The analytical methods provide a reasonable prediction for relatively simple configurations of the phases for example square or triangular arrangements of the fibers but when it is about complex geometries numerical methods are used for approximate solutions by simplifying hypotheses on microstructures and boundary conditions, as it is the case with finite element method. Numerical methods for calculating the properties of composite materials generally involve the analysis of a representative volume element (RVE).
This work aims mainly to predict the transverse elasticity modulus of a unidirectional Glass/Epoxy composite material with different values of fiber volume fractions, to study the effect of the arrangement randomize of the fibers on the values of the transverse elastic modulus and to predict the values of the reinforcement factor $\xi$.
In section 2 we introduced the analytical models based on the mixture rule, these models will be used to compare our obtained results.
Section 3 is the main part of this work, it is devoted to numerical modeling, in this section we used Cast3m as a calculation software based on finite element method, the numerical model was developed by using the homogenization method which is a micromechanical approach. The analysis is performed on a representative volume element (RVE).
Finally, the obtained results are compared to those obtained by different models based on the representative elementary volume.
The analytical method uses various mathematical expressions to predict elastic constants such as the stiffness and strength of the composite material. An example of the different methods used to assess the elastic properties of the composite material, for example the rule of mixture method, the Halpin-Tsai model, the Nielsen method and the Chamis model.
2.1 Rule of mixture (ROM)
This is the simplest method to determine the elastic properties of a unidirectional composite material. The classical ROM accurately predicts the longitudinal Young's modulus E_{1}, Eq. (1), Poisson's ratio v_{12}, Eq. (2), but does not accurately predict the transverse Young's modulus, in general and more particularly when the fiber volume is high, Eq. (3) [19-21].

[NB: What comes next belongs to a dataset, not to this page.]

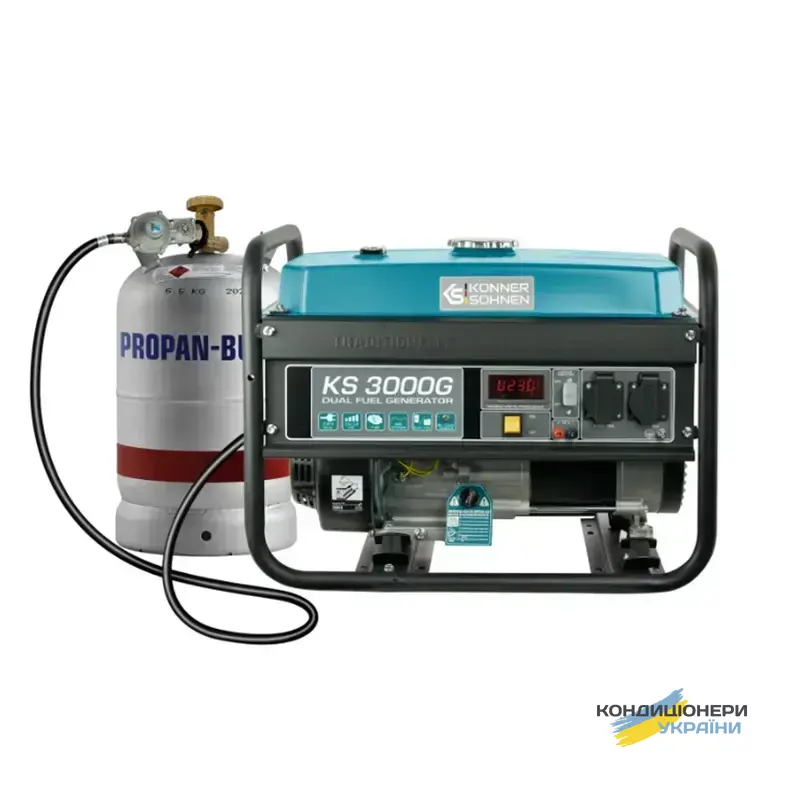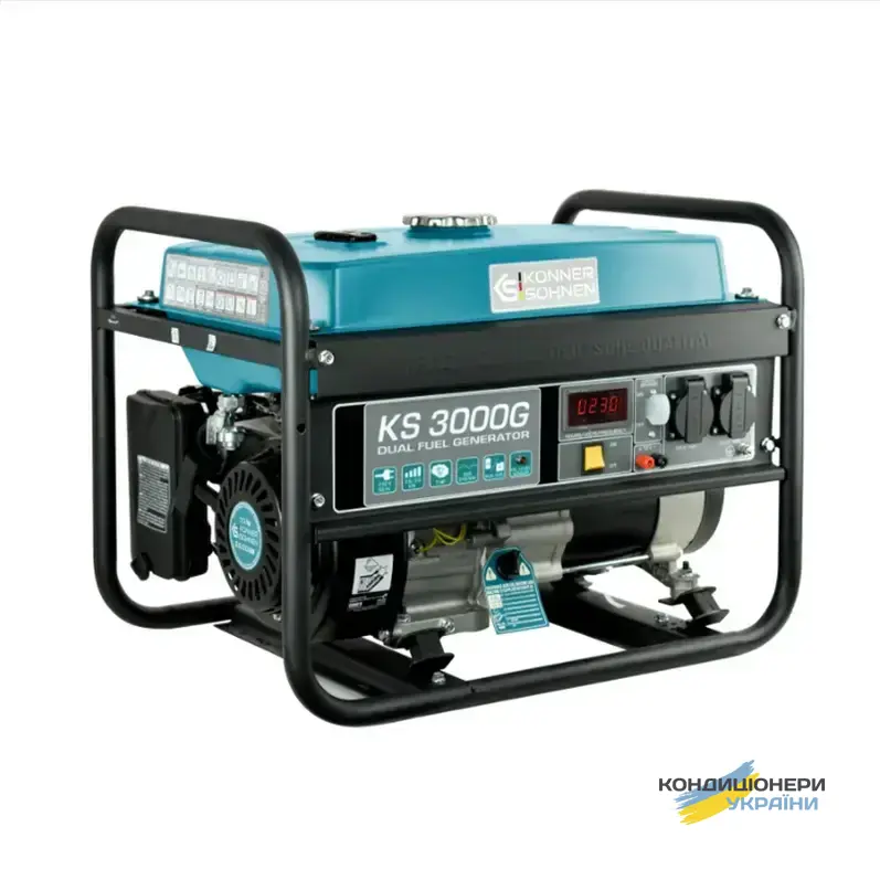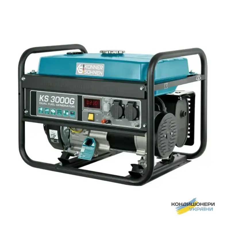 Газобензиновый генератор Konner&Sohnen KS 3000G (максимальная мощность 3 кВт, номинальная 2,6 кВт) работает не только на бензине, но и на газе. При этом, експлуатация на газу повышает моторесурс двигателя. Расход топлива: 1 литр в час бензина, 1,3 л в час газа, при 50% нагрузке. Данная Dual Fuel система позволяет пользователю самостоятельно выбирать тип топлива по своему желанию, экономить.

$E_{1}=E_{f L} \cdot V_{f}+E_{m} \cdot\left(1-V_{f}\right)($Voigt model$)$ (1)
$v_{12}=v_{f} \cdot V_{f}+v_{m} \cdot\left(1-V_{f}\right) \quad($Voigt model$)$ (2)

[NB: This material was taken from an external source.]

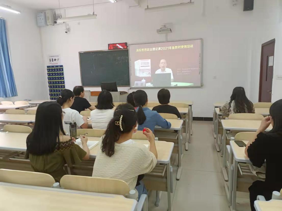 为深入学习贯彻习近平新时代中国特色社会主义思想,准确把握《毛泽东思想和中国特色社会主义理论体系概论》《思想道德与法治》等课程新教材的主旨思想,9月27-28日,全国高校思想政治理论课2021年版教材使用现场培训在北京举行。按照市委教育工委、市教委要求,我校组织思想政治理论课教师参加校级分会场培训。
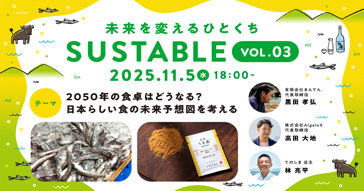 サステナブルフードについて“おいしく・楽しく”学べる『SUSTABLE2025VOL.3』開催のお知らせSUSTABLE(サステーブル)とは、私たちの日々の食卓や食生活を、これからも持続可能にするために配慮してつくられている食べ物である「サステナブルフード」について“おいしく・楽しく”知っていただくためのプログラムです。食の「作り手」である生産者、「使い手」であるシェフ、そして「食べ手」である消費

$E_{2}=\frac{E_{f t} \cdot E_{m}}{E_{f t} \cdot\left(1-V_{f}\right)+E_{m} \cdot V_{f}} \quad($Reuss model$)$ (3)
where, E_{fL}, E_{ft}, v_{f} are fiber properties (longitudinal elastic modulus, transversal elastic modulus and Poisson’s ratio, respectively), E_{m}, v_{m} are matrix properties (elastic modulus and Poisson’s ratio, respectively) and V_{f} is the fiber volume fraction.
2.2 Halpin-Tsai (HT) and modified Halpin-Tsai (HTM) models
The Halpin-Tsai equation, Eq. (4), was developed as a semi-empirical model in order to produce more complex results on the transverse Young's modulus and the longitudinal shear modulus [6].
$E_{2}=E_{m}\left(\frac{1+\xi \cdot \eta \cdot V_{f}}{1-\eta \cdot V_{f}}\right)$ (4)
The coefficient $\eta$ is given by: $\eta=\frac{\left(\frac{E f t}{E_{m}}\right)-1}{\left(\frac{E_{f t}}{E m}\right)+\xi}$.
$\xi$ is an empirical factor, which measures the reinforcement of the fibers of the composite material which depends on the geometry of the fiber, the arrangement of the fibers and the loading conditions. In generally, $\xi$ may vary from zero to infinity, and the Reuss and Voigt models, Eqns. (3) and (1) are special case for $\xi$=0 and $\xi \rightarrow \infty$, respectively.
Limiting values of $\eta$ are [6]: for very rigid inclusions $\eta$=1, for homogeneous material $\eta$=0 and for voids $\eta=\frac{-1}{\xi}$ .
JC Halpin and SW Tsai obtain an excellent agreement with the results obtained by DF Adams and DR Doner, for the transverse modulus of a square array of circular fibers having a fiber volume fraction of 0.55, by a finite difference method applied to the case of cylindrical fibers distributed according to a square arrangement and for a volume fraction of fibers of 0.55, taking $\xi$=2 to calculate E_{2} and $\xi$=1 to calculate the shear modulus G_{12 }[22, 23].
A general recommendation to be used when there is not experimental data for calibration is presented in the sequence, Eq. (5) [6].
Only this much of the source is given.